Well, but—comfort!—where was it to be had? The girl's sensuous craving nature fought like a tortured thing in the grasp laid upon it. How was it possible to go on suffering like this? She turned impatiently to one thought after another.

Beauty? Nature? Last year, yes! But now! That past physical ecstasy—in spring—in flowing water—in flowers—in light and colour—where was it gone? Let these tears—these helpless tears—make answer!

Music?—books?—the books that "make incomparable old maids"—friends?
The thought of the Friedlands made her realise that she could still love.
But after all—how little!—against how much!

Religion? All religion need not be as Alan Helbeck's. There was religion as the Friedlands understood it—a faith convinced of God, and of a meaning for human life, trusting the "larger hope" that springs out of the daily struggle of conscience, and the garnered experience of feeling. Both in Friedland and his wife, there breathed a true spiritual dignity and peace.

But Laura was not affected by this fact in the least. She put away the suggestions of it with impatience. Her father had not been so. Now that she had lost her lover, she clung the more fiercely to her father. And there had been no anodynes for him.

… Oh if the sun—the useless sun—would only go—and Cousin Elizabeth would come back—and bring that letter! Yes, one little pale joy there was still—for a few weeks or months. The craving for the bare rooms of Bannisdale possessed her—for that shadow-happiness of entering his house as he quitted it—walking its old boards unknown to him—touching the cushions and chairs in Augustina's room that he would touch, perhaps that very same night, or on the morrow!

Till Augustina's death.—Then both for Laura and for Helbeck—an
Unknown—before which the girl shut her eyes.

* * * * *

There was company that night in the farm kitchen. Mr. Bayley, the more than evangelical curate, came to tea.

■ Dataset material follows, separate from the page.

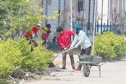 图二节日期间,我市千余名城乡环卫工人放弃休息时间,忙碌在城乡清扫保洁第一线。 (李远)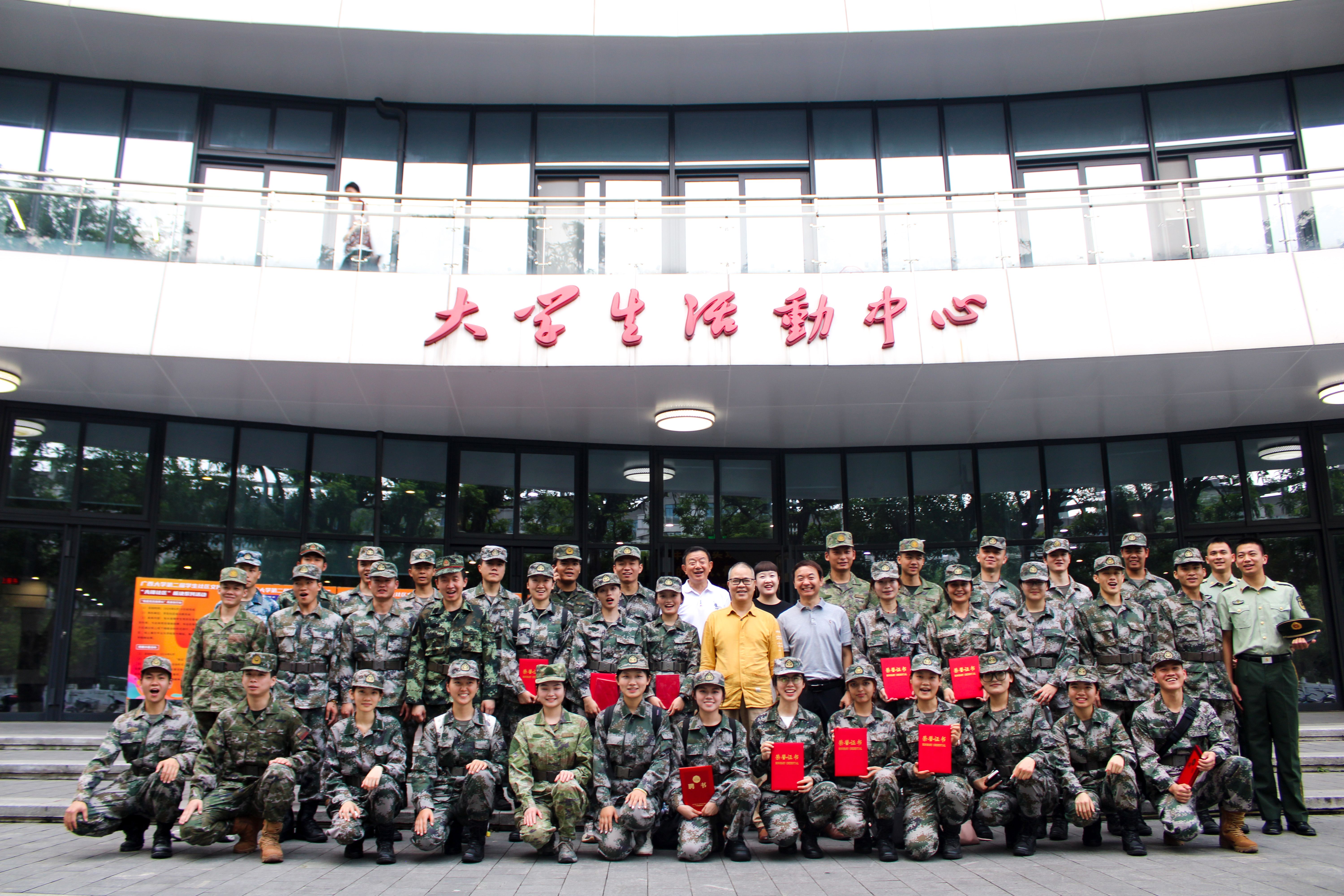 会后,全体参会人员到大学生活动中心门口合影留念,本次表彰、欢迎新队员入队仪式圆满结束。

He was a little man, with a small sharp anaemic face buried in red hair. It was two or three years of mission work, first in Mexico, and then at Lima as the envoy of one of the most thoroughgoing of Protestant societies, that had given him his strangely vivid notions of the place of Romanism among the world's forces. At no moment in this experience can he have had a grain of personal success. Lima, apparently, is of all towns in the universe the town where the beard of Protestantism is least worth the shaving—to quote a northern proverb. At any rate, Mr. Bayley returned to his native land at fifty with a permanent twist of brain. Hence these preposterous sermons in the fell chapel; this eager nosing out and tracking down of every scent of Popery; this fanatical satisfaction in such a kindred soul as that of Elizabeth Mason. Some mild Ritualism at Whinthorpe had given him occupation for years; and as for Bannisdale, he and the Masons between them had raised the most causeless of storms about Mr. Helbeck and his doings, from the beginning; they had kept up for years the most rancorous memory of the Williams affair; they had made the owner of the old Hall the bogey of a country-side.